Background

Vasodilator and inotropic drugs and intra-aortic balloon pump are used to provide tissue perfusion and weaning from cardiopulmonary bypass (CPB) in the perioperative period (₁). Levosimendan increases the sensitivity of myofilaments to calcium by binding to cardiac troponin C and also causes vasodilatation in systemic arterial and venous capacitance vessels by opening ATP-sensitive potassium-channels in vascular smooth muscles. Furthermore, levosimendan does not cause any increase in myocardial oxygen demand by reducing cardiac work load effectively (₂). Here we evaluated two cases who failed to wean from CPB with their low cardiac outputs despite the support of the intraaortic baloon pump but successfully weaned off with the addition of levosimendan treatment.

Case 1

The medical history of 41-years old male patient scheduled for coronary artery bypass grafting surgery includes Type I DM and femoropopliteal bypass surgery.
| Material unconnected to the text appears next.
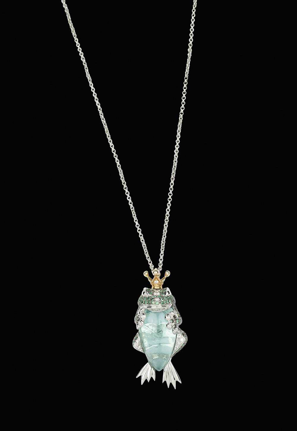 Pendente a foggia di rana in oro bianco 18kt peso 16,9 gr. con acquamarina taglio cabochon diamanti taglio brillante ct 0,30 circa e tzavoriti tonde sormontato da coroncina in oro rosa e brillanti, completo di catenina in oro bianco 18kt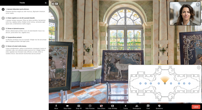 A specialized online guide workplace contains the necessary tools to automate the tour. The guide can record the movement of the virtual scene, and play the recorded movement sequences during the tour. * Audio recordings may also be used in the tour.

Transthoracic echocardiography revealed; left ventricle end diastolic diameter: 68 mm; left ventricle end systolic diameter: 55 mm; left ventricle end diastolic volume: 203 mL; left ventricle end systolic volume: 120 mL, ejection fraction: 35% and a thrombus in the anteroapical region of the LV. Euroscore was scored as 4. No premedication was performed and the following drugs were given intravenously for induction: lidocaine 1 mg.kg ^-1 , diazepam 0.2 mg.kg ^-1 , fentanyl 10 µg.kg ^-1 , pancuronium 0.1 mg.kg ^-1 . Left radial artery cannulation was inserted. Arterial pressure monitorization was performed through this arterial catheter. Body temperature was measured using nasopharyngeal probe and urinary bladder catheter. Following adequate muscle relaxation, the patient was intubated and pulmonary artery catheter was inserted from right internal jugular vein. Membrane oxygenator with 9000 pump Sarns and Edwards Lifesciences (Resp Tecnico. Sergio L. Nogaroto CRF/SP N ^o 9.860 Brasileira) and 2.4 L dk ^-1 m ^-2 non pulsatile perfusion were used for CPB. The patient was cooled to 33 ^o C. Thrombectomy was performed by means of 3 cm Left ventriculotomy with routine surgical procedure and LIMA-LAD anastomosis was conducted. (cross-clamp time 44 min, cardio-pulmonary bypass time 59 min). The hemodynamically stable patient (heart rate 95 beat.min ^-1 , systolic artery pressure 90 mmHg, systolic PAP 40 mmHg) experienced cardiac arrest during the closure of skin after cardiopulmonary bypass.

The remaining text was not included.